Viele Kompaktfilter sind nicht unbedingt den Herstellerangaben entsprechend für einen Teich ausgelegt. Auch wenn es drauf steht, hat die Erfahrung was anderes gesagt. Für 700,-€ einen Kompaktfilter mit Allem drum und dran, also Vorfilterung, Biostufe und ggf. noch Pumpe ist natürlich schon gut. Welche Fische möchtest Du denn nun einsetzen? Das sollte das entscheidende Kriterium sein, welches Dir eine Auswahl ermöglicht. Nach den hier lautenden Erfahrungen hat sich gezeigt, dass die mögliche Teichgröße bei normalen Fischbesatz - also Fische ohne viel Dreck und Arbeit, klein und niedlich gerade so passt. Sobald es größere und mehrere Fische sind, sollte man nur mit der Hälfte rechnen und wenn es dann auch noch Koi werden sollten, ist ein Viertel des angegegebenen Teichvolumens eher anzunehmen. 

Da ich aber die von Dir benannten Filter leider nicht konkret kenne, kann ich dazu auch nix sagen - ob gut oder schlecht. Sind sie denn für Voll- oder Halbschwerkraft ausgelegt? Wäre ja auch noch wichtig...

Du wolltest in Schwerkraft filtern, dann kann ich nur empfehlen, wie oben schon geschrieben - Bodenablauf und Skimmer in DN 110 zu wählen und in einen Vorfilter leiten. und von da an, einen weiteren passenden Filter.

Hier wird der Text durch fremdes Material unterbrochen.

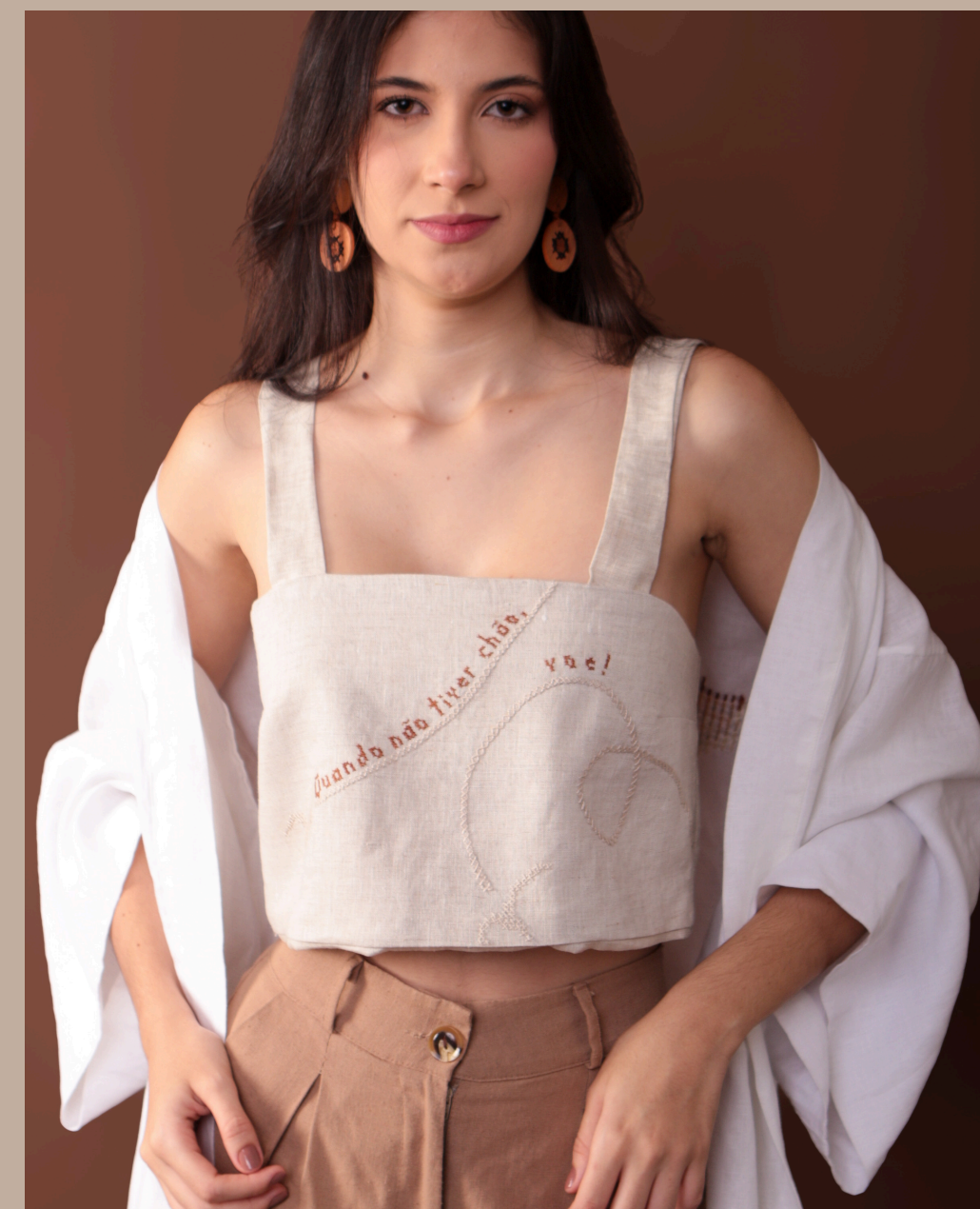
Kimono Asas COD 7026005 950,00 100% Linho branco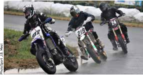
PhotoSport J.B. West

Toutes les idées sont les bienvenues, il suffit de nous contacter pour en parler, soit sur la page Facebook A.S Trélivan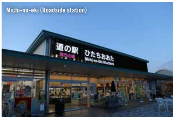
Michi-no-eki (Roadside station)

日本全国に1,000ヶ所以上ある、24時間利用可能な広い面積をもつ無料パーキングと清潔なトイレを完備した休憩施設です。昼間は、地元の特産物やお土産が購入でき、旅に役立つ情報を得ることができます。温泉を併設した施設もあります。仮眠は可能ですが、連泊はできません。キャンピングカーからテーブルや椅子を降ろして使用することはできません。駐車場内でのBBQなど火気の使用はできません。(車内の設備を使っての調理は可能です) マナーを守って使用して下さい。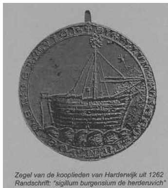
Zegel van de kooplieden van Harderwijk uit 1262. Randschrift: "sigillum burgensium de herderewich"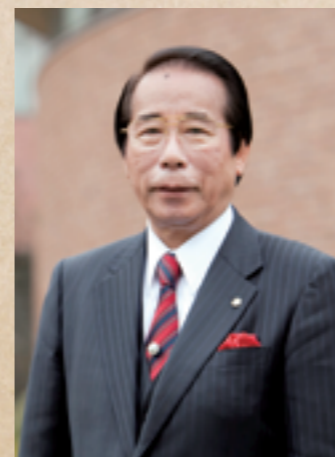
学校法人福原学園 理事長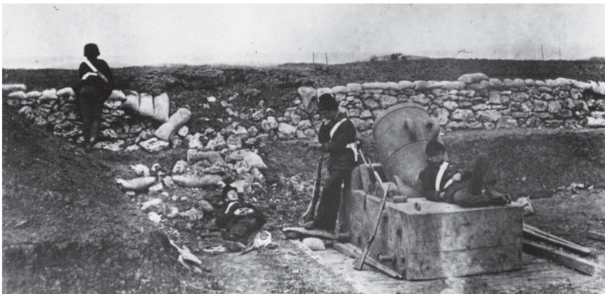
Fot. 4. Armata żeliwna używana w trakcie oblężenia Sewastopola, ok. 1855 r. fot: Roger Fenton

Szczególne znaczenie zyskała stal, bo żelazo było już wcześniej, ale metody jego obróbki pozostawały nadal archaiczne, aż do wynalazku metody jego przetopu przez H. Bessemera. Wprawdzie Wojna Krymska lat 1853-1856 stanowiła idealny poligon testowania nowych technologii, ale bariera wytrzymałości żeliwnych odlewów armat przy rosnącej wadze pocisków została już przekroczona, potrzebny była wytrzymalsza i tania stal, a ta była stosowana dotąd jedynie do produkcji sztuców.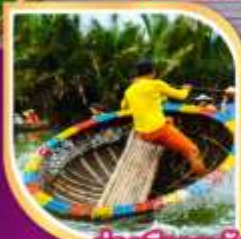
ล่องเรือกระด้ง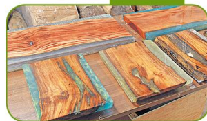
▲甄博士將本地廢木結合環氧樹脂製成的家具，充滿藝術感。

回收基金全年接受申請： 網址： www.recyclingfund.hk 查詢： +852 2788 5658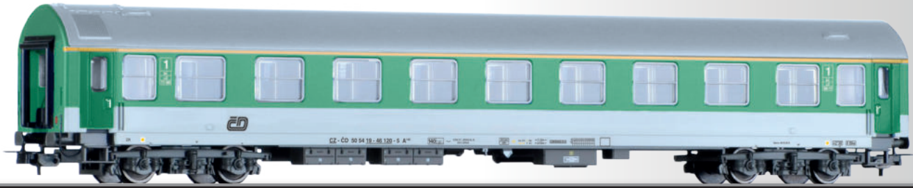
Reisezugwagen 1. Klasse A 150, Typ Y, der ČD 1st class passenger coach A 150, type Y, of the ČD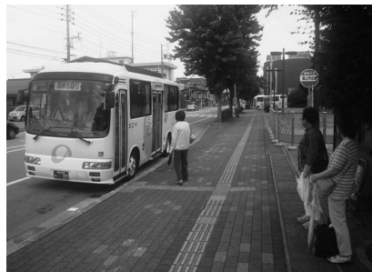
市民の足として稼働しているのらマイカー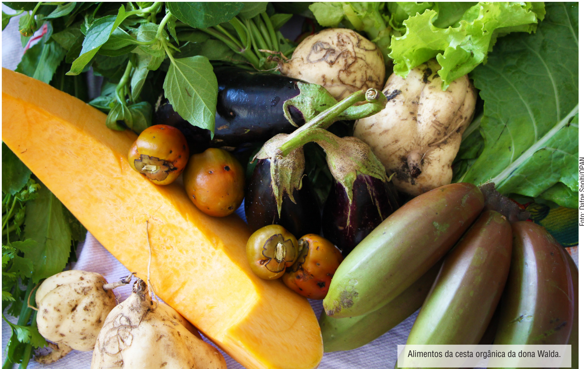
Alimentos da cesta orgânica da dona Walda.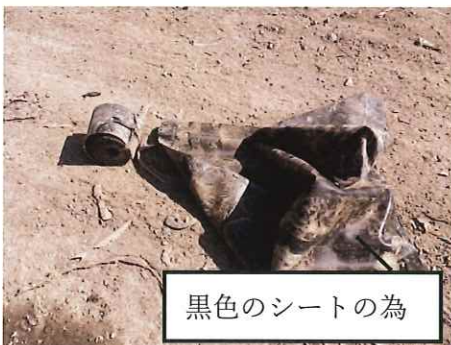
黒色のシートの為

※肥料袋はPO・PE製のもの（麻袋のように編み込まれている素材のものは収集できません。）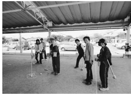
グラウンドゴルフを楽しんだ皆さん

教室には、初心者からベテランまで約40人が参加し、スコアの付け方などルールについて指導を受けました。ルールの厳しさに、初心者は緊張した面持ちでプレイ。しかし初めてのホールインワンに大喜びしたり、思うようにいかないボールに負け惜しみを言ったりして楽しんでいました。「次回はいつですか?」と尋ねる参加者もいて、同会代表の堤さんは、「皆と仲良く、自分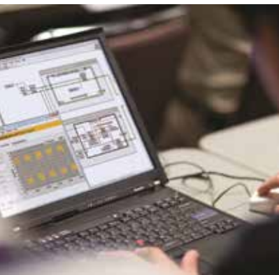
Grafisches Systemdesign von National Instruments und BEKO Graz.

BEKO Graz ist eine der ersten Adressen für individuelle Lösungen in der Mess- und Automatisierungstechnik. Am steirischen Standort des heimischen Technologiedienstleisters werden seit vielen Jahren Projekte für Unternehmen aller Branchen realisiert. Kunden profitieren dabei auch von der intensiven Zusammenarbeit mit National Instruments (NI), einem weltweit er-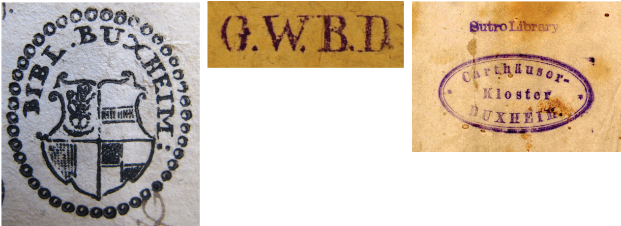
Abb. 4-6: Exlibris-Stempel: 4. Bibl. Buxheim (Kartausenbibliothek, 18. Jh.); 5. G.W.B.D (Gräflich Waldbott-Bassenheim'sche Dominialverwaltung, 19. Jh.); 6. Adolph Sutro Bibliothek, San Francisco (für die 1883 ersteigerten Bände angefertigt). Verbleib: verschollen, wahrscheinlich 1906 vernichtet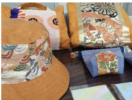
三河帯心のリメイク製品

西尾市を中心とする三州地域は、高級帯芯として知られる三河帯芯 ※6 の産地です。しかし、製造工程で発生する織りキズが僅かでも発生すると二級品(通称B反)となってしまいます。本展示では、商品価値が低下した三河帯芯の再利用を試み、バッグやコースター等にリメイクしました。染色した帯芯や帯の端材を組み合わせ、新たな製品として提案します。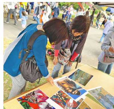
▲市民ボランティアによる 「対話による美術鑑賞」事業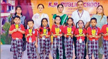
मिवाणी। प्रतियोगिता में बेहतरीन प्रदर्शन करने वाले शिक्षकों के साथ प्रतिभागी।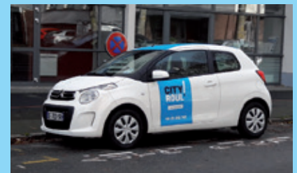
La Citroën C1 stationnée au centre de Cleunay face à la pharmacie

Renseignements sur www.cityroull.com ou au 02 23 210 747 & info@cityroull.com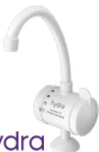
Torneira Elétrica Hydralar 4T - Bancada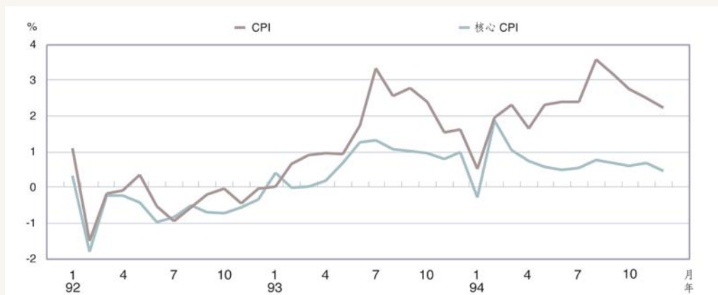
消費者物價指數年增率

本年上半年，CPI年增率表現尚稱溫和，惟下半年在連續三個颱風來襲影響下，蔬菜、水果價格高漲，使得CPI年增率曾經連續二個月達3%以上；至於全年各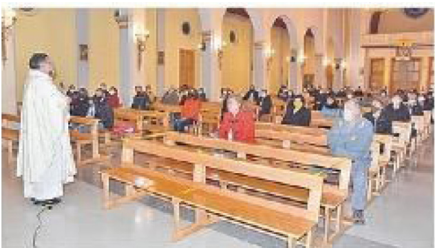
EL SÁBADO SANTO SE CELEBRÓ LA VIGILIA PASCUAL EN LA PARROQUIA MARÍA AUXILIADORA DEL CARMEN DE PUERTO NATALES.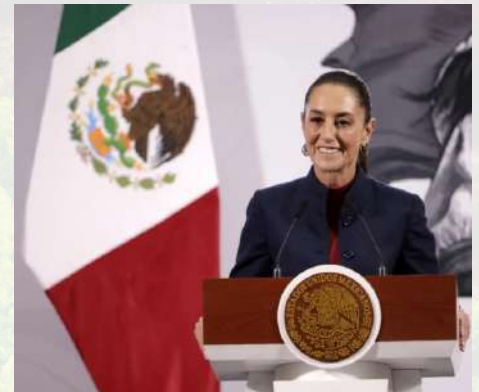
Claudia Sheinbaum Pardo, presidenta de México, durante una conferencia de prensa en el Palacio Nacional, el 17 de febrero de 2025, en la Ciudad de México, México.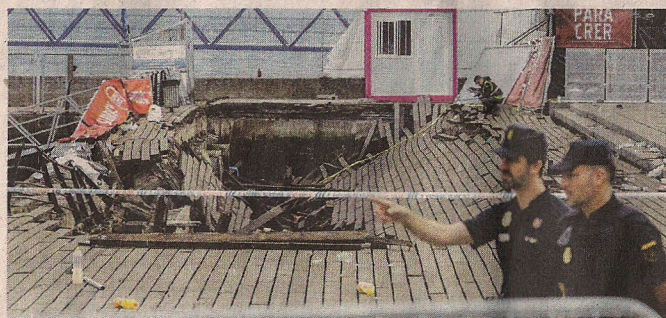
Trümmerfeld: Polizisten vor dem eingestürzten Holzsteg.

Der Einsturz des 1994 gebauten Holzstegs gibt derweil Rätsel auf. Eingestürzt sei kein kleiner Steg: „Es handelt sich um eine eigentlich robuste Konstruktion unter anderem mit Beton im Sporthafen von Vigo“, sagte Bürgermeister Abel Caballero. Die oppositionelle Stadträtin Elena Muñoz hatte erst vor einer Woche vor dem schlechten Zustand des Stegs gewarnt: „Hoffen wir zum Wohle aller, dass während des Festivals und auch danach nichts passiert.“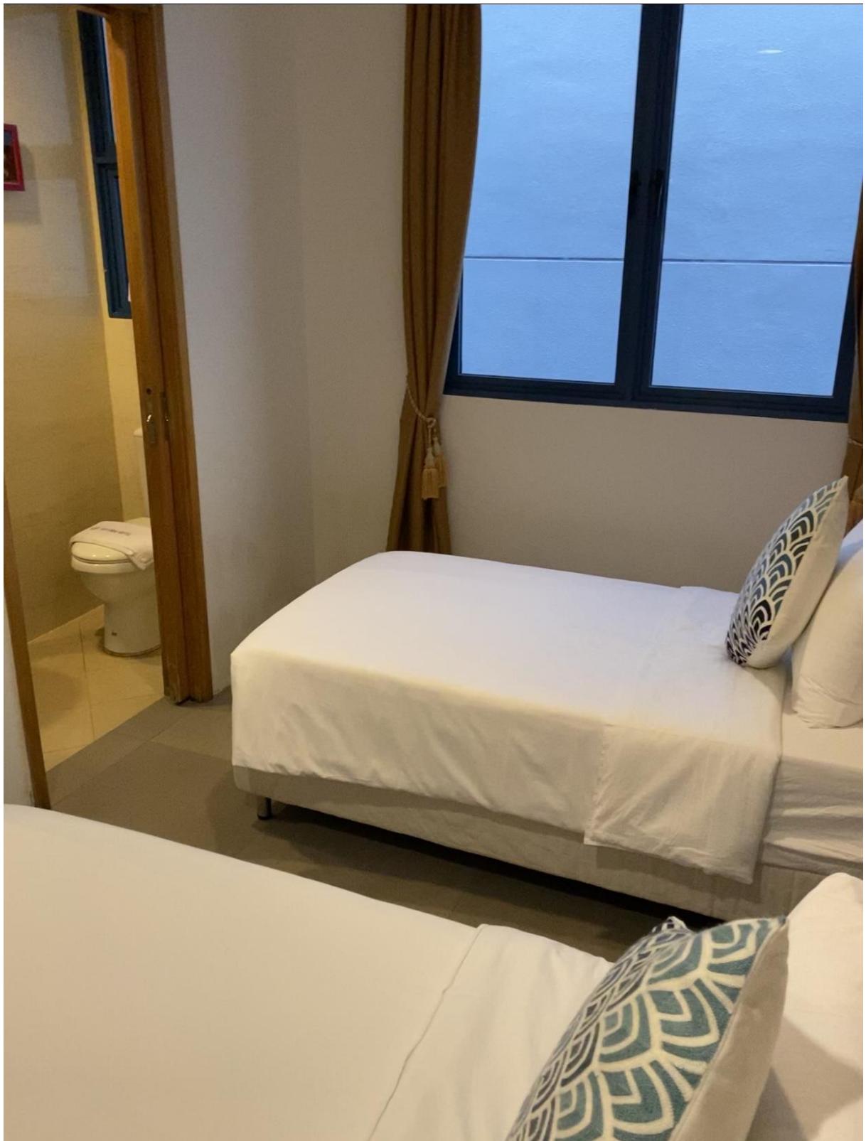
圖十二：後面幾天住比較好的旅館房間

去了有獨立衛浴的旅館。雖然一個晚上要台幣大約 2500，但應該是新加坡旅館裡面算便宜的了。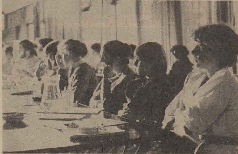
Tydens die skrywersberaad wat van 17 tot 19 April op Mazelspoort gehou is, het hierdie Pukke die besprekings bygewoon.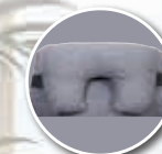
Appareil de soutien partiel de la tête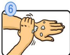
手首も忘れずに洗います。

うか。冬場に流行するウイルスはもともと高温、高湿度では長く生存できないためだと言われています。一般に、エアコンやファンヒーターで室温は上げられていますが、湿度は割と低く乾燥しています。加湿器を利用したり、やかんでお湯を沸かしたり、洗濯物を干しておくのも良いでしょう。その他にも色々な風邪予防があると思いますが、最後には自身の抵抗力がカギとなります。侵入したウイルスを増殖させず、軽い症状ですむようにするためには、普段からバランスの良い食事、十分な睡眠で自身の免疫力を高めておくことが重要となります。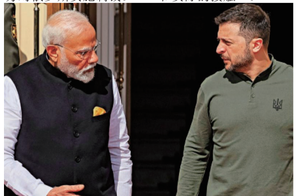
乌克兰总统泽连斯基(右)23日在基辅与到访的印度总理莫迪(左)会面。

印度向来与俄罗斯有紧密的经济和国防关系。2022年俄乌冲突爆发后，印度并未跟随西方对俄罗斯实施制裁。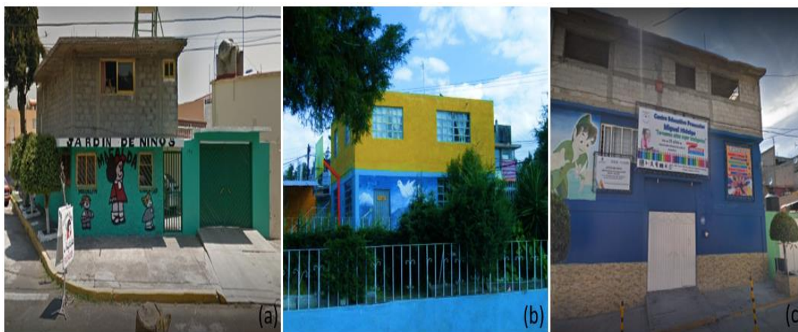
Figura 2. Evidencia de construcciones con diseño habitacional que funcionan como planteles educativos (jardín de niños)

(a) Estado de Tlaxcala de Xicoténcatl (2018), (b) Estado de Querétaro, municipio Arroyo Seco (2018) y (c) Ciudad de México, municipio Miguel Hidalgo (2018).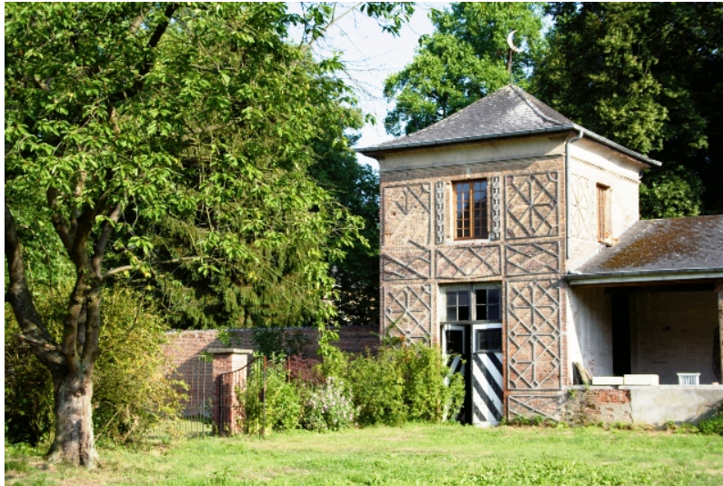
Het torenpaviljoen bij het kasteel van Schiplaken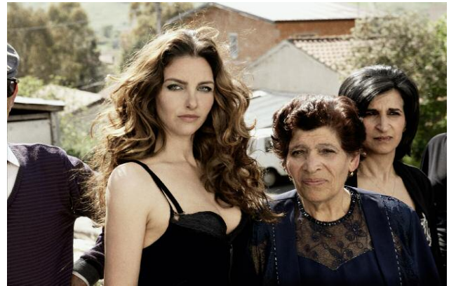
Pressebild 4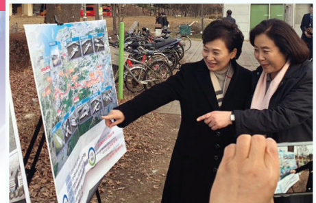
국토교통부 김현미 장관과 함께 안산중앙역 현장(2018.12.5)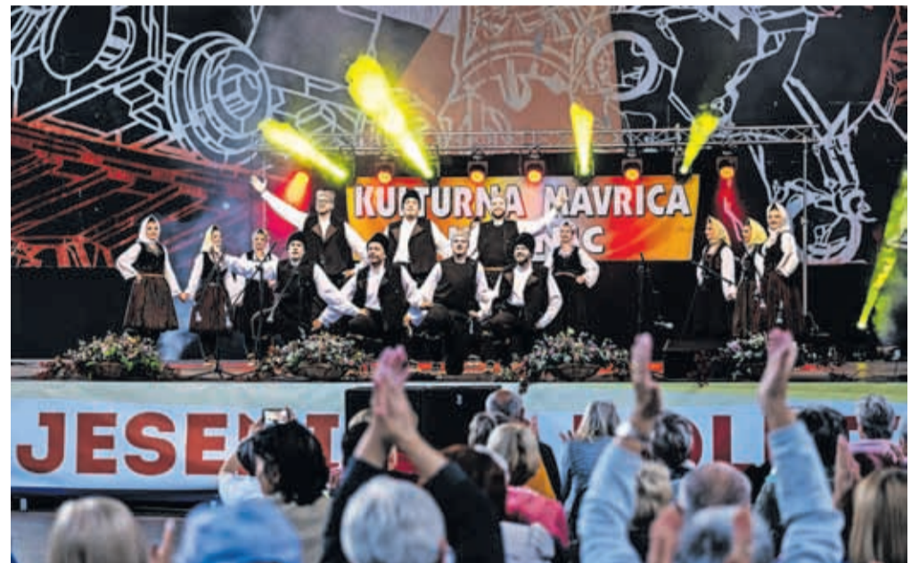
Kulturna mavrica Jesenic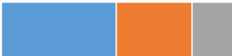
FI - javno naročilo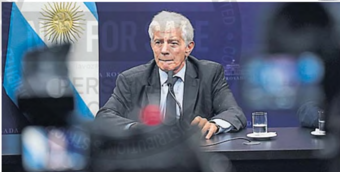
CÚNEO LIBARONA. El ministro de Justicia fue una de las voces oficiales que ayer salieron a respaldar la decisión de Milei de nombrar por decreto a dos jueces para la Corte.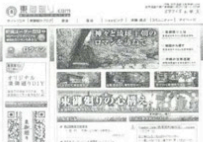
東御廻り.comのホームページ

Und was ich nicht verstanden habe, wieso Du mit 50 W Stromverbrauch einen Luftheber bedienen willst!? Wie kommst Du darauf bzw. woraus schließt Du den Wert? Es gibt User die betreiben solche Luftheber mit weniger als 20 W und fördern ausreichend Wasser.


----------



## ikke (4. Mai 2014)

Danke Zacky
Ja das mit den Fischen keine Ahnung . Was welche wie viele. Will nur lieber alles fertig haben lieber größer denn drosseln kann man immer.
Das mit den Fertigfilter leuchtet ein.
Werde dann wie vorgeschlagen auf Vollschwerkraft gehen.
Mit dem Luftheber werde ich wohl lassen. Es sei denn du hast eine gute Bauanleitung.
Also zusammen gefasst.
Teichzone 70cm vergrößern .
Bodensblauf und Skimmer.
Großen Betonschacht mauern für Filter.

Wie viele Tonnen soll ich nehmen? 2,3,4,?
Wer hat eine gute Bauanleitung ?
Danke erst mal.
Ach eines noch welche Folie ? PVC oder  EPDM
Und kennt einer einen guten online Shop für Teichzubehör?


----------